In times of political, societal and economic discord, lifting up and loving outward seems all the more necessary. It’s the foundation of reggae—a music genre many turn to for its good vibes but which feeds the soul even more.
“Reggae music is message music,” says Kimberly McLaughlin-Smith, also known as “Night Nurse,” from her radio show Reggae Redemption, airing on Modern Rock 98.7, airing Sundays from 10 a.m. to noon. “Its origins are of course in Jamaica, by way of disenfranchised Afro-Jamaicans who grew to prominence dating back to the 1930s. Their rise was a direct response to the far-reaching and overwhelming British colonialism at the time, much like the colonialism that America suffered then.”

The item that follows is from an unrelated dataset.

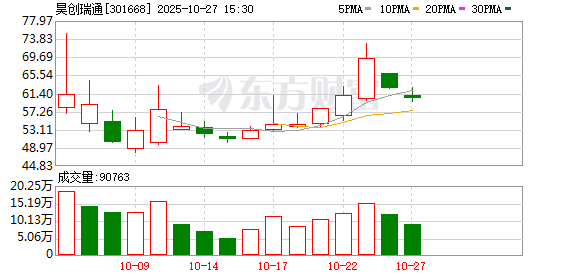 昊创瑞通今日下跌3.49%,全天换手率39.38%,成交额5.48亿元,振幅6.02%。龙虎榜数据显示,机构净买入2187.86万元,营业部席位合计净卖出997.10万元。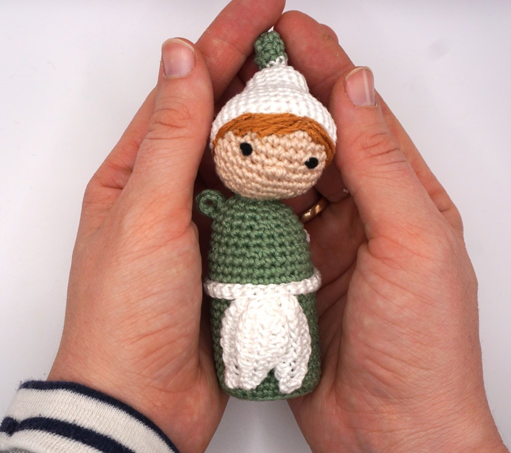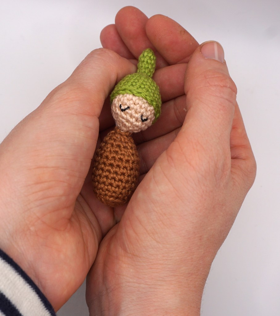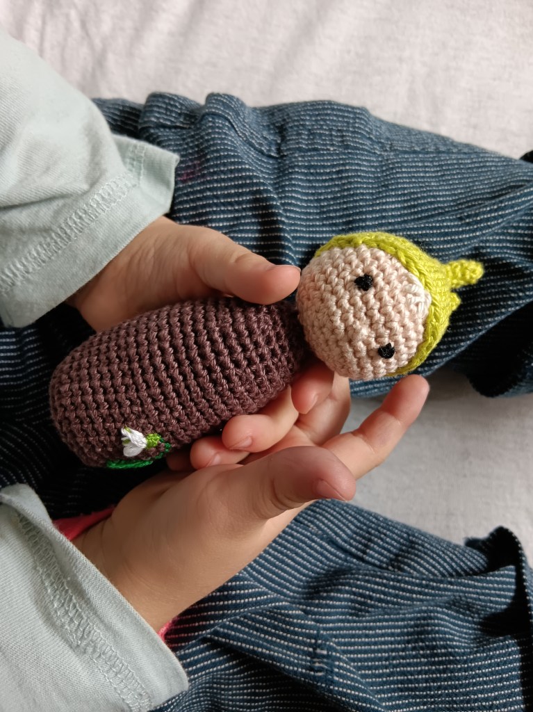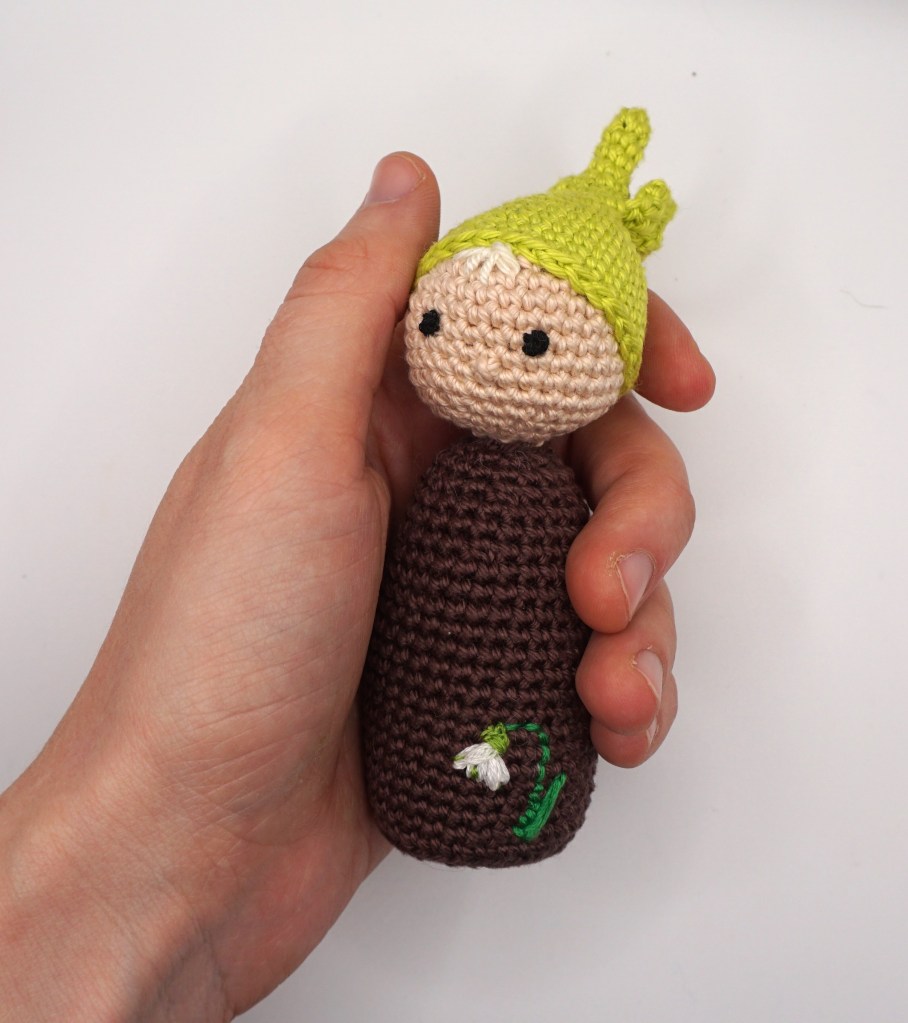 That’s why I came up with the snowdrop family consisting of a mother, a young snowdrop and a baby. The mother wears an apron and can carry the baby in her babycarrier, the young snowdrop with its soft green hat reminding of sprouts shows off its embroidered snowdrop and the three of them form a really lovely family.

For McLaughlin-Smith and many Rastas worldwide, reggae is worship, meant to lift the name of Haile Selassie, who some considered a human prophet that found sanctity in every individual. He was crowned emperor in Ethiopia in 1930, and Rastas look to his fulfilled biblical prophecy of becoming a black king as a mark of hope.
“A huge misconception is Rastafari is an ‘ism’ or a religion,” McLaughlin-Smith clarifies. “Both notions are false. Living ‘Rastafari’ is a way of life. . . . It is rooted on so much goodness and light.”
Reggae Redemption is going on 27 years of being a Wilmington staple. It began in 1993, after McLaughlin-Smith walked into NPR affiliate WHQR’s offices, inquiring about bringing her favorite genre to their airwaves. She loved listening to reggae on a station in her former town, Durham, and couldn’t find anything like it in Wilmington. Having no experience in radio, she managed to convince WHQR to launch Reggae Nites, and learned the ins and outs of producing a radio program from mentors like Jim Tremble, Jemila Ericson and the late, great Flamenco guitarist Paco Strickland.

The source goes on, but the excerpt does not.